** Opening DATA UNDER STUDY block **
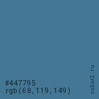 Цвет #447795 в цветовой модели RGB обозначается тремя октетами (68, 119, 149) в десятичном формате и #447795 в шестнадцатиричном (hex) формате, которые являются интенсивностью красного 68 (hex 44), интенсивность зелёного 119 (hex 77) и интенсивность синего 149 (hex 95).
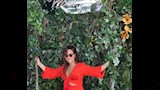 وأطلت شيري بفستان طويل مكون من كروب توب وجيب باللون الأحمر.
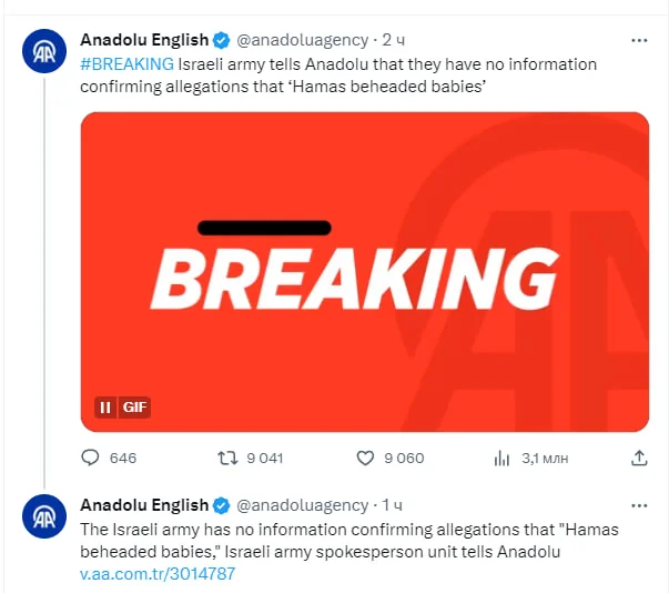Позднее турецкое информационное агентство выпустило сообщение, согласно которому представители Армии обороны Израиля не подтверждают информацию о том, что боевики ХАМАС обезглавили младенцев в Кфар Азе.
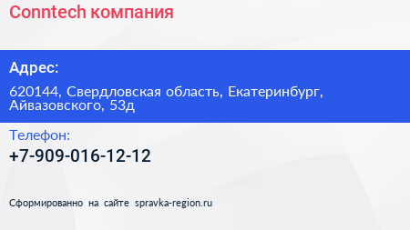Conntech, компания по адресу 620144, Свердловская область, Екатеринбург, Айвазовского, 53д в дальнейшем Организация, размещена в следующих категориях:
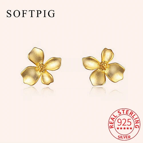 Add a touch of charm with these minimalist flower stud earrings. Made of real 925 sterling silver with 18K gold plating, these earrings are perfect for everyday wear or special occasions.
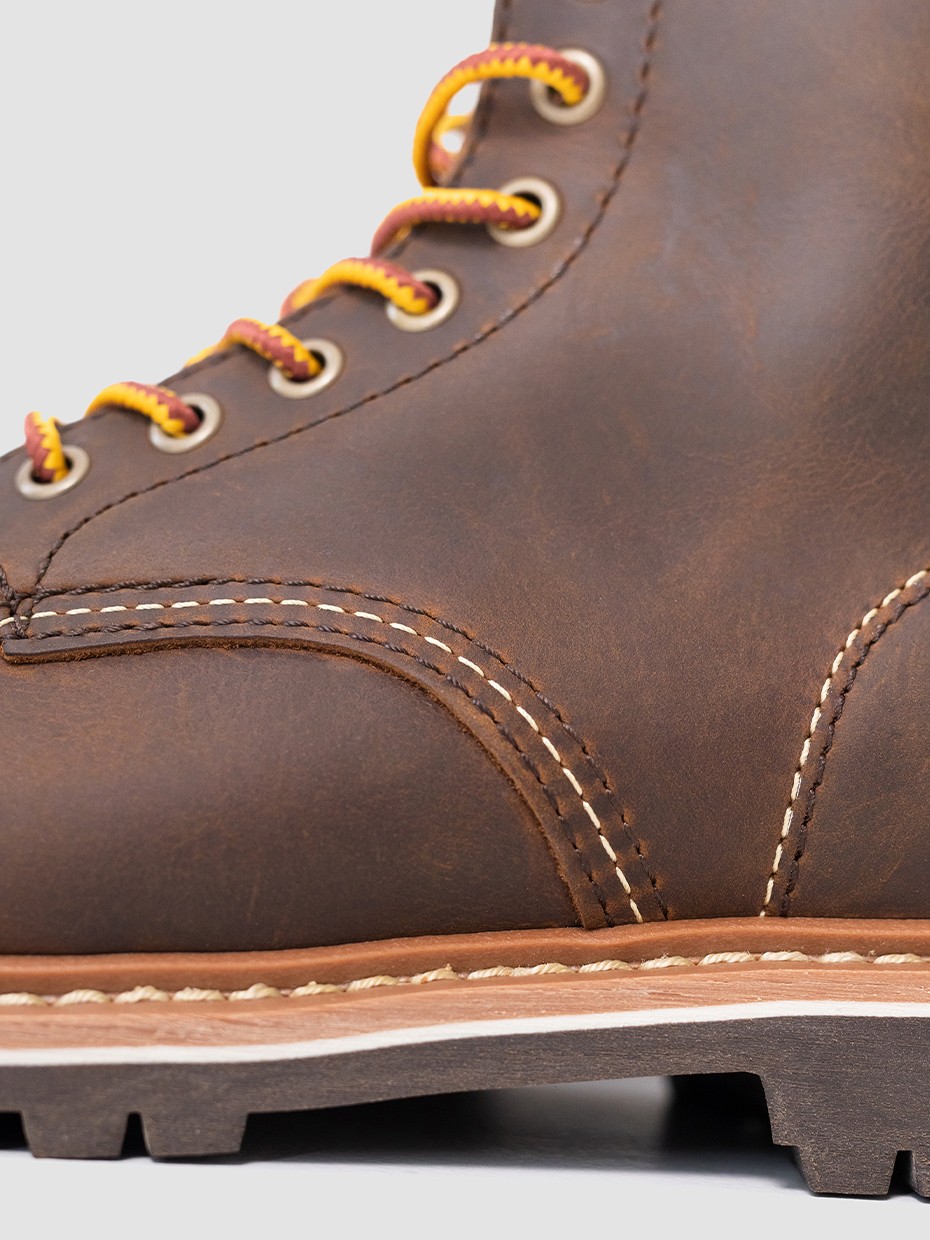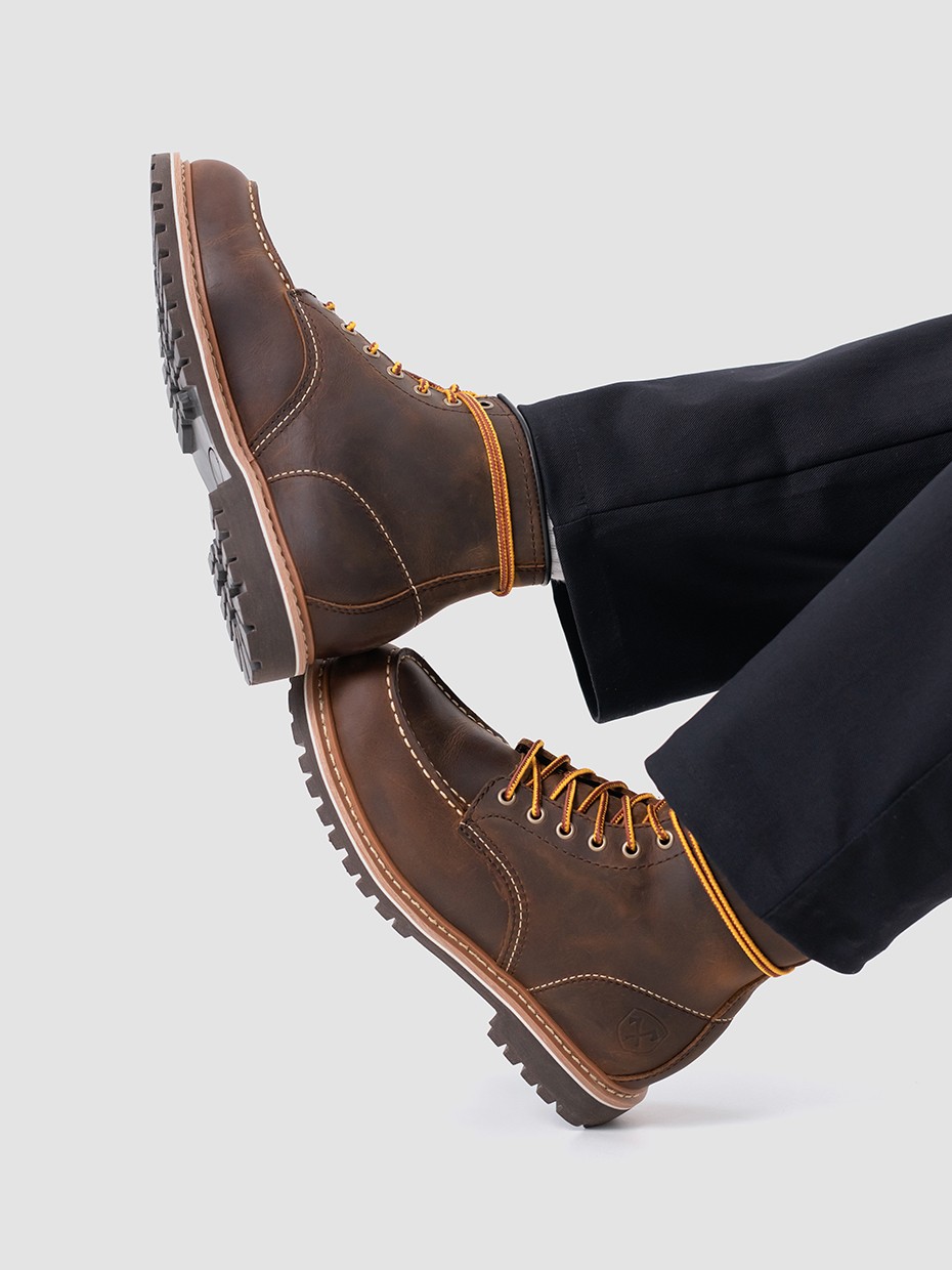 При производстве ботинок используется натуральная бычья кожа импортированная из Америки, устойчива к влаге и долговечна. Толщина кожи 1,8-2мм.
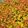 Un jeune feuillage rouge orangé puis vert jaune en été accompagné d'une intense floraison rose foncé
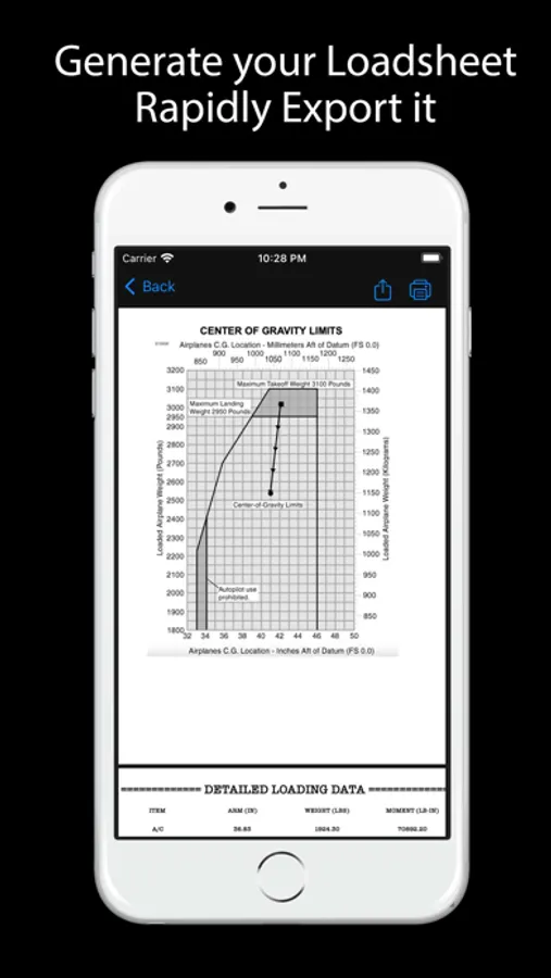 - EXPORT LOADSHEET AND CG CHART TO PRINT
** Closing DATA UNDER STUDY block **
EXERCISE DIRECTIONS -> Starting at the line containing "При производстве ботинок" and stopping at the line containing "Un jeune feuillage", output each line exactly as it appears above. Leave out the pictures.

RESPONSE TO THE TASK ->
 При производстве ботинок используется натуральная бычья кожа импортированная из Америки, устойчива к влаге и долговечна. Толщина кожи 1,8-2мм.
 Un jeune feuillage rouge orangé puis vert jaune en été accompagné d'une intense floraison rose foncé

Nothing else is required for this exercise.